GIVEN ENTRIES:
════════

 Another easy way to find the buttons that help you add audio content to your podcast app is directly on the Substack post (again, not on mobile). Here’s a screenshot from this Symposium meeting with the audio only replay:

════════

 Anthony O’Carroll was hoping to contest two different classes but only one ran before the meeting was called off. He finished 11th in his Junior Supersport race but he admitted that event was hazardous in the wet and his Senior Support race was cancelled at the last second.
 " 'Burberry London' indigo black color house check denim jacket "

════════

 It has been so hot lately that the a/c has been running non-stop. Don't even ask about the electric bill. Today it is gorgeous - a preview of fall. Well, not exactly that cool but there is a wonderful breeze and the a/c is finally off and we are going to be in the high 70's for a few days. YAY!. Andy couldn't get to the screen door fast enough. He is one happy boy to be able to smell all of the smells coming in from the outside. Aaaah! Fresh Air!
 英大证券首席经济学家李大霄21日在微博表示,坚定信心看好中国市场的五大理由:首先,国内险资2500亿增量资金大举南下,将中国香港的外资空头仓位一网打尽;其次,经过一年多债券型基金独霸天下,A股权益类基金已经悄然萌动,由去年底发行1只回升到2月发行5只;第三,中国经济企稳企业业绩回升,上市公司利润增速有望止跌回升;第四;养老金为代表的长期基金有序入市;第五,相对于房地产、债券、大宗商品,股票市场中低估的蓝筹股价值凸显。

════════

WORK ORDER: Look above for the line with "It has been" and the line with "英大证券首席经济学家李大霄2". Retype those two lines and every line between them exactly, adding nothing.

EXERCISE RESULT:
 It has been so hot lately that the a/c has been running non-stop. Don't even ask about the electric bill. Today it is gorgeous - a preview of fall. Well, not exactly that cool but there is a wonderful breeze and the a/c is finally off and we are going to be in the high 70's for a few days. YAY!. Andy couldn't get to the screen door fast enough. He is one happy boy to be able to smell all of the smells coming in from the outside. Aaaah! Fresh Air!
 英大证券首席经济学家李大霄21日在微博表示,坚定信心看好中国市场的五大理由:首先,国内险资2500亿增量资金大举南下,将中国香港的外资空头仓位一网打尽;其次,经过一年多债券型基金独霸天下,A股权益类基金已经悄然萌动,由去年底发行1只回升到2月发行5只;第三,中国经济企稳企业业绩回升,上市公司利润增速有望止跌回升;第四;养老金为代表的长期基金有序入市;第五,相对于房地产、债券、大宗商品,股票市场中低估的蓝筹股价值凸显。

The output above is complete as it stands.